Mitigation Strategies

For these scenarios, incorporating retry logic, readiness checks, and careful planning of task sequences can mitigate issues by ensuring that dependent resources are fully ready before proceeding with subsequent operations.

Conclusion

While Kubernetes' architecture and eventual consistency model provide a solid foundation for managing concurrent tasks, awareness of and planning for specific dependency scenarios are crucial. By understanding these caveats and employing strategic task management, we can leverage Kubernetes' strengths while mitigating potential issues related to resource dependencies and operation orders.

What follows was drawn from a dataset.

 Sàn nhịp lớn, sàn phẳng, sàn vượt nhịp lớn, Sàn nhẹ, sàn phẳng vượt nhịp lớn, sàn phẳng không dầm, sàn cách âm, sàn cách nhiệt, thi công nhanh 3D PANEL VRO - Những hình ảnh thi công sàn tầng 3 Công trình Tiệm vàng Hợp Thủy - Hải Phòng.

UncleGedd commented 8 months ago

Thanks for the conversation, concurrency isn't a priority atm but I'm sure it will be valuable in the future. I think for now we can table this issue while the runner code gets migrated to its own repo, and I'll transfer this issue to the new repo

zachariahmiller commented 8 months ago

I'll be honest I'm kind of confused by this discussion there is a lot of talk about kubernetes, but this function under uds run has nothing to do with kubernetes. Apologies if I'm missing something here but this is my reasoning:

It (uds run) is a task runner that essentially executes shell commands for use in CI and locally similar to what you would use make or Taskfile for. Also similar to say job execution in CI systems such as gitlab ci or GitHub workflows.

You might use a task to run a command that does something in kubernetes (like kubectl) but that is the tool this is executing doing that, not the tasks themselves and therefore assumptions based on how kubernetes works should not be built into the way we handle execution in uds run tasks.

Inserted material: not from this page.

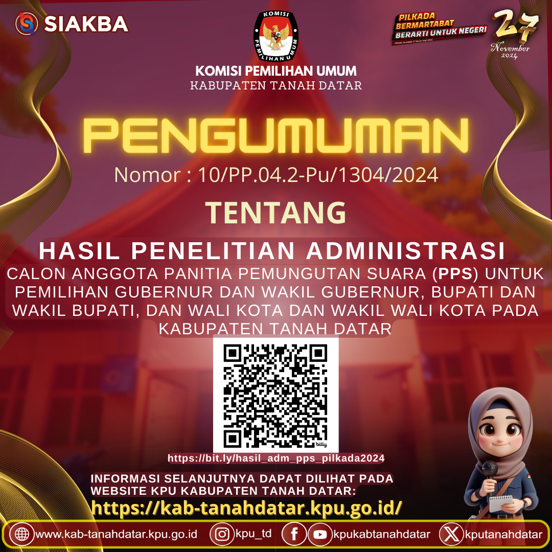 HASIL SELEKSI PENELITIAN ADMINISTRASI PPS PILKADA 2024 Senin, 13 Mei 2024 07:00 564 Info selengkapnya Dapat dilihat disini Bagikan: Dilihat 564 Kali.
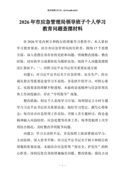 【七哥公文】2026年:2026年市应急管理局领导班子个人学习教育问题查摆材料+更多免费公文+VX:QiGeGongWen2024

naveensrinivasan commented 8 months ago

I'll be honest I'm kind of confused by this discussion there is a lot of talk about kubernetes, but this function under uds run has nothing to do with kubernetes. Apologies if I'm missing something here but this is my reasoning:

It (uds run) is a task runner that essentially executes shell commands for use in CI and locally similar to what you would use make or Taskfile for. Also similar to say job execution in CI systems such as gitlab ci or GitHub workflows.

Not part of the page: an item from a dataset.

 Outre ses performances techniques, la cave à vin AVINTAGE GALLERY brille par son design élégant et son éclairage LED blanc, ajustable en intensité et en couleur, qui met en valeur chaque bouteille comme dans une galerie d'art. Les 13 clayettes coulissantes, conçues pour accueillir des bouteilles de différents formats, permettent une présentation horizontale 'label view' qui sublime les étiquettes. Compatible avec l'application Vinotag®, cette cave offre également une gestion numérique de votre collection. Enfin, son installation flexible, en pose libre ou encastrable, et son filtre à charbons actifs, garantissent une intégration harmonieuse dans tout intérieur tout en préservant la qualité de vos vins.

You might use a task to run a command that does something in kubernetes (like kubectl) but that is the tool this is executing doing that, not the tasks themselves and therefore assumptions based on how kubernetes works should not be built into the way we handle execution in uds run tasks.

My ignorance! Thanks for the clarification! I appreciate it! My k8s post was me being a noob

zachariahmiller commented 8 months ago

I'll be honest I'm kind of confused by this discussion there is a lot of talk about kubernetes, but this function under uds run has nothing to do with kubernetes. Apologies if I'm missing something here but this is my reasoning:

It (uds run) is a task runner that essentially executes shell commands for use in CI and locally similar to what you would use make or Taskfile for. Also similar to say job execution in CI systems such as gitlab ci or GitHub workflows.

You might use a task to run a command that does something in kubernetes (like kubectl) but that is the tool this is executing doing that, not the tasks themselves and therefore assumptions based on how kubernetes works should not be built into the way we handle execution in uds run tasks.

My ignorance! Thanks for the clarification! I appreciate it! My k8s post was me being a noob

No worries. Totally understandable... it's a lot to try to digest all at once!

zachariahmiller commented 8 months ago

@naveensrinivasan just to close out this thread. We definitely would still want to retain the ability in bundle deployments (ie uds deploy) to explicitly control ordering of package deployments, but this issue is targeted at trying to find a way to sanely implement concurrency for certain packages to complement the sequential ordering that exists today.

https://github.com/defenseunicorns/uds-cli/issues/30

If there are no objections though, I think this specific issue can be closed.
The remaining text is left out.